Exactly reproduce the lines of the listing below from the one containing "Hogan Hyperlight sneakers" through the one containing "дней и упражнений". Skip the images.

• _Input records_
··········

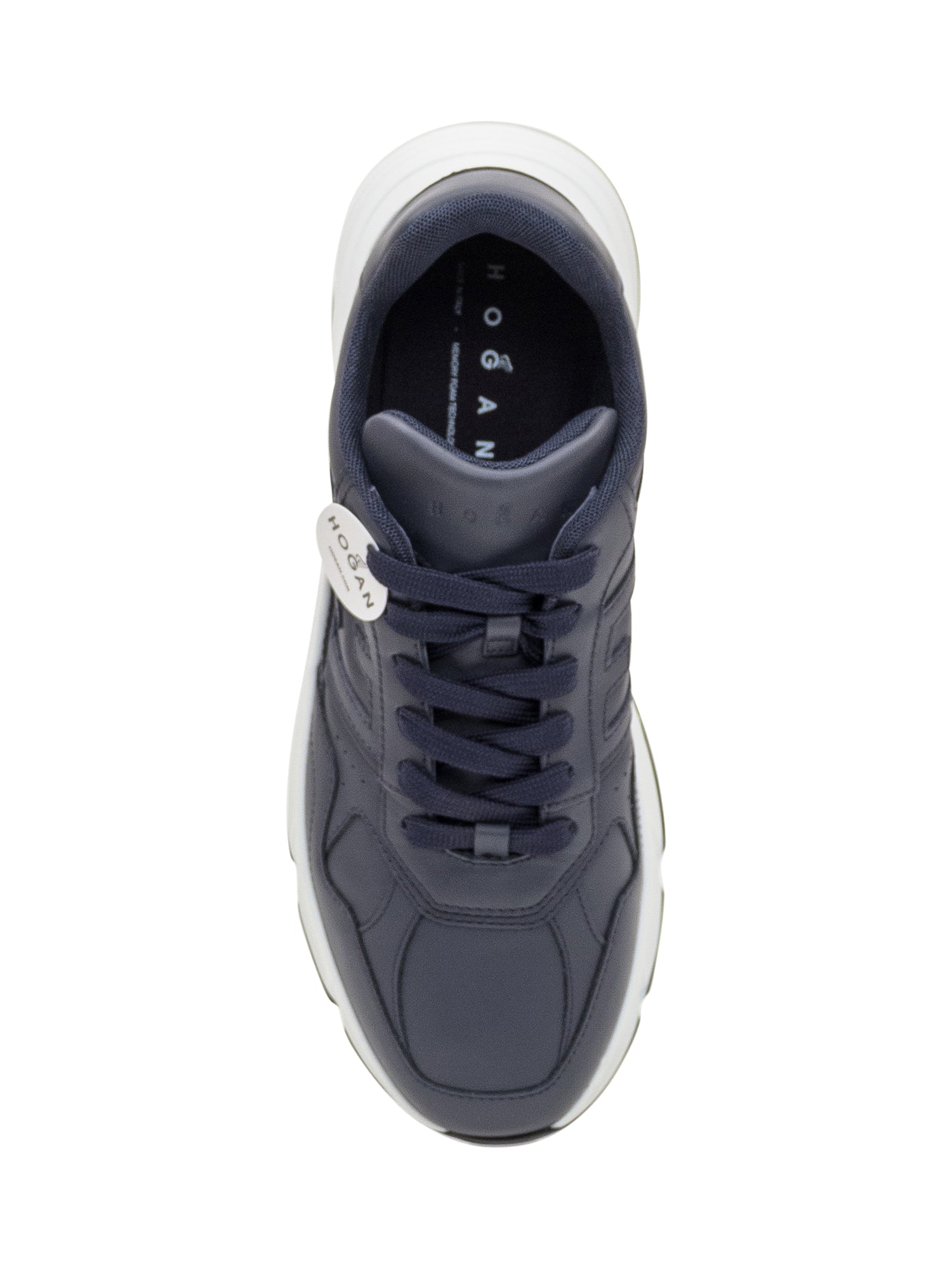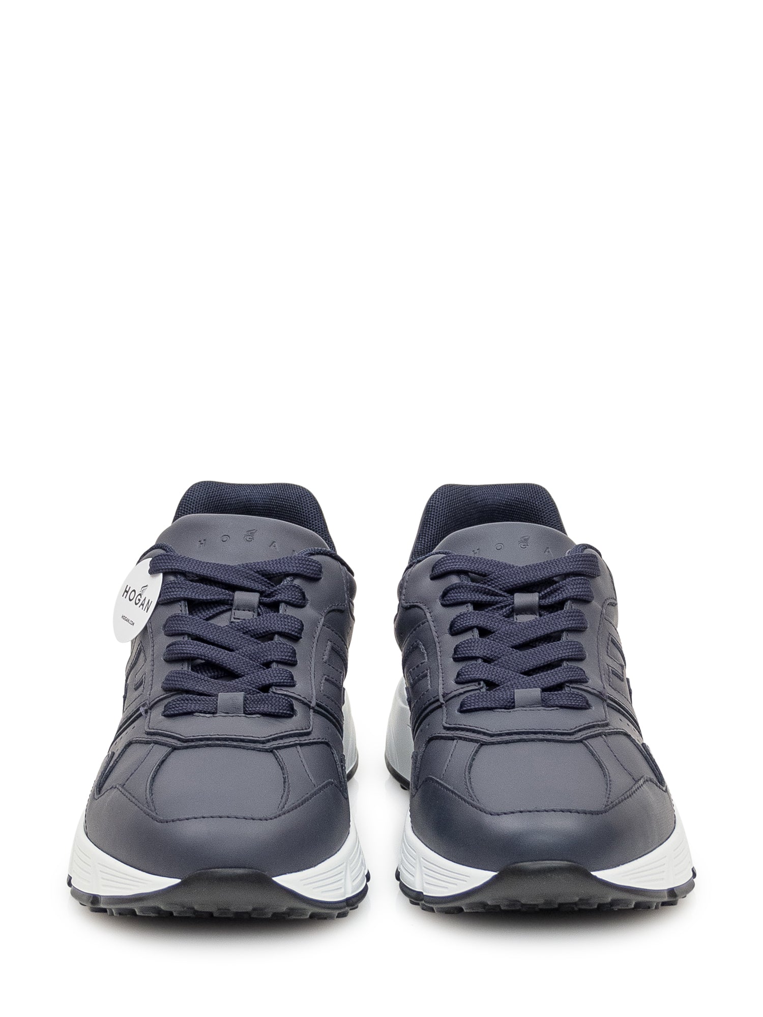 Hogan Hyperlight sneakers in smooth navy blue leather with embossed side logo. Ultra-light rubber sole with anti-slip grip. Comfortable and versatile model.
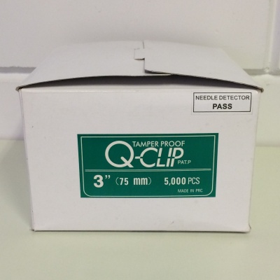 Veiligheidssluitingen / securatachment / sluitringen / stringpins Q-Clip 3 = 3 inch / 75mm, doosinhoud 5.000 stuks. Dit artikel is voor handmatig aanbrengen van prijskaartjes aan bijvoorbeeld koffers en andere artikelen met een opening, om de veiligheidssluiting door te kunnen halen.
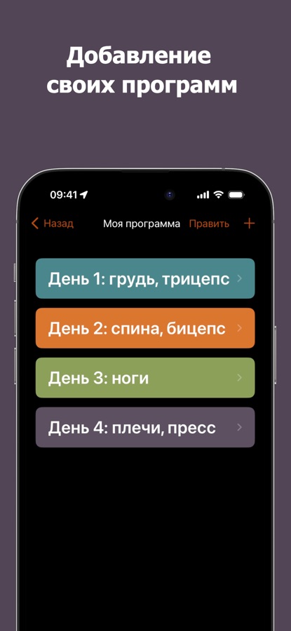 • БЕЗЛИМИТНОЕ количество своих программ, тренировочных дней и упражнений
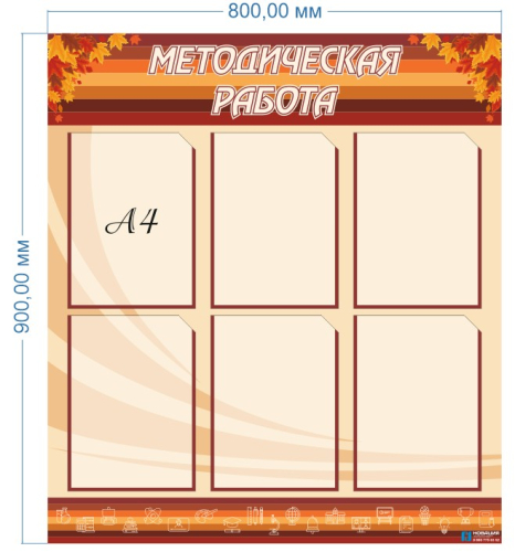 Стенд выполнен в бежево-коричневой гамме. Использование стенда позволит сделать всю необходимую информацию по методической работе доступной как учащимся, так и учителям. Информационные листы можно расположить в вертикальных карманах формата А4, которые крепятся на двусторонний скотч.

··········

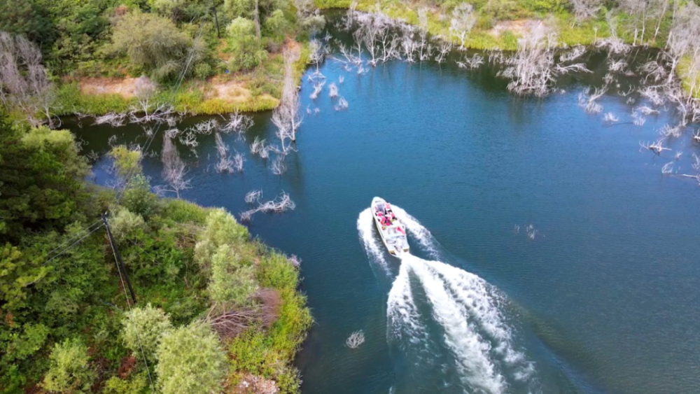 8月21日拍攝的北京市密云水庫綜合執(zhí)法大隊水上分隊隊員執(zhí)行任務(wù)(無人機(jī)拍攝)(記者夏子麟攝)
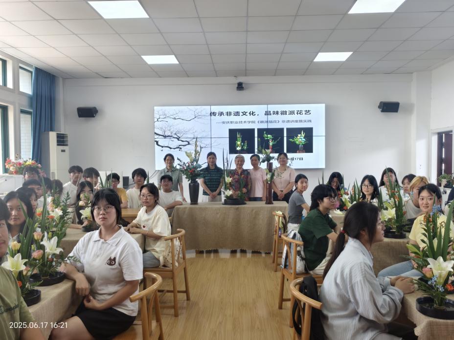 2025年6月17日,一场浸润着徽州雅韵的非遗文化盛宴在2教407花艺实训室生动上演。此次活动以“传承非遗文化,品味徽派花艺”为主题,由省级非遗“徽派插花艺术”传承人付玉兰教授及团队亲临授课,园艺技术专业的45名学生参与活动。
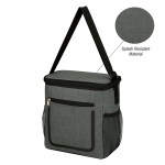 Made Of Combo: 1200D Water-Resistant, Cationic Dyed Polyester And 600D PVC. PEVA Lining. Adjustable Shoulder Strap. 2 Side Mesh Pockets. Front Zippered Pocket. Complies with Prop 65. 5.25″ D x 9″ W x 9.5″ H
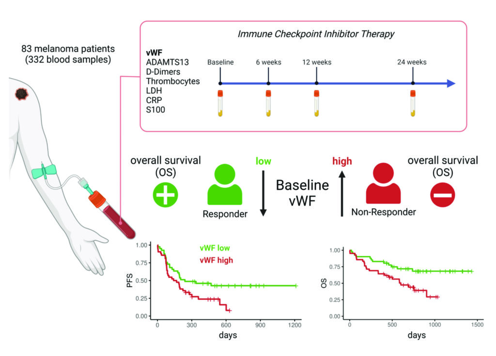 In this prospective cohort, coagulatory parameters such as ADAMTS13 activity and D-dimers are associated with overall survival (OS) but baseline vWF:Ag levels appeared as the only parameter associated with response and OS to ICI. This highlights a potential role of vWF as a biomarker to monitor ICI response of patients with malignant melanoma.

··········

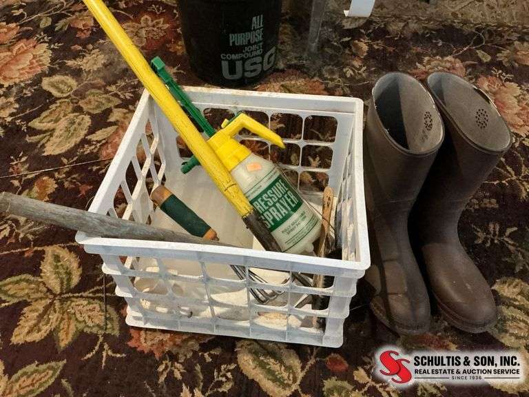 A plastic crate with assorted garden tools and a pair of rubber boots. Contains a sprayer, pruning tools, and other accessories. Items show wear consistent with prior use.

··········

• _Solution for this task_
 Hogan Hyperlight sneakers in smooth navy blue leather with embossed side logo. Ultra-light rubber sole with anti-slip grip. Comfortable and versatile model.
 Veiligheidssluitingen / securatachment / sluitringen / stringpins Q-Clip 3 = 3 inch / 75mm, doosinhoud 5.000 stuks. Dit artikel is voor handmatig aanbrengen van prijskaartjes aan bijvoorbeeld koffers en andere artikelen met een opening, om de veiligheidssluiting door te kunnen halen.
 • БЕЗЛИМИТНОЕ количество своих программ, тренировочных дней и упражнений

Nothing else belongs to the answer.